— EXERCISE DIRECTIONS —
Give back each record precisely, pictures excluded.

[Records from a dataset]
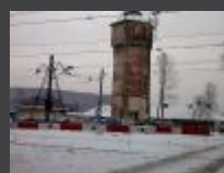
W Krzeszowicach powstanie wiadukt kolejowy
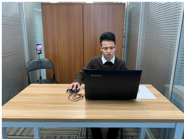
图一：电脑端正面视角
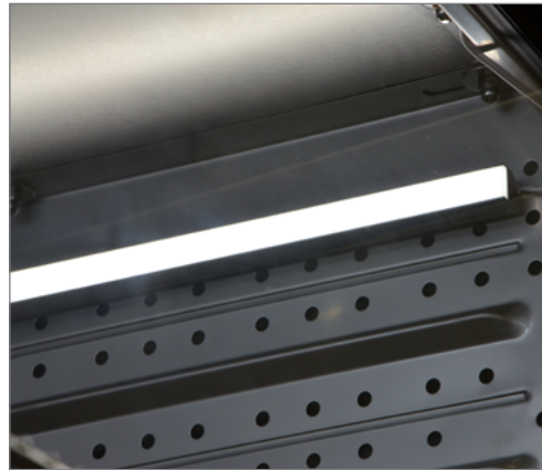
Barra luci di 30cm, fissata con Tesa Powerstrips alla parete laterale della camera
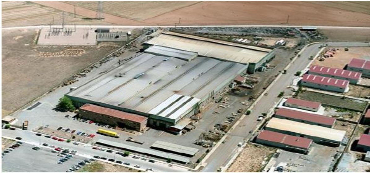
Instalaciones de la compañía PYRSA en Monreal del Campo (Teruel)
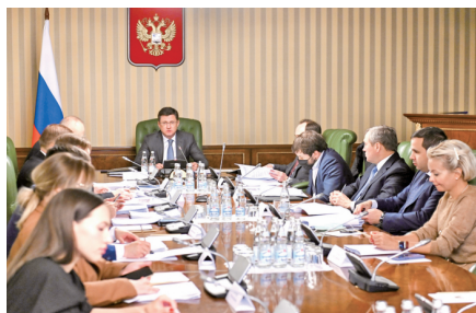
俄罗斯分管能源的副总理诺瓦克(图中)11月底再次重申,俄不会向实行石油限价的“不友好国家”供油。

不过,在欧洲国家中,一味追随美国脚步、支持对俄石油出口限价的也大有人在,有的国家甚至要求将价格限定在更低的程度。

— EXERCISE RESPONSE —
W Krzeszowicach powstanie wiadukt kolejowy
图一：电脑端正面视角
Barra luci di 30cm, fissata con Tesa Powerstrips alla parete laterale della camera
Instalaciones de la compañía PYRSA en Monreal del Campo (Teruel)
俄罗斯分管能源的副总理诺瓦克(图中)11月底再次重申,俄不会向实行石油限价的“不友好国家”供油。

不过,在欧洲国家中,一味追随美国脚步、支持对俄石油出口限价的也大有人在,有的国家甚至要求将价格限定在更低的程度。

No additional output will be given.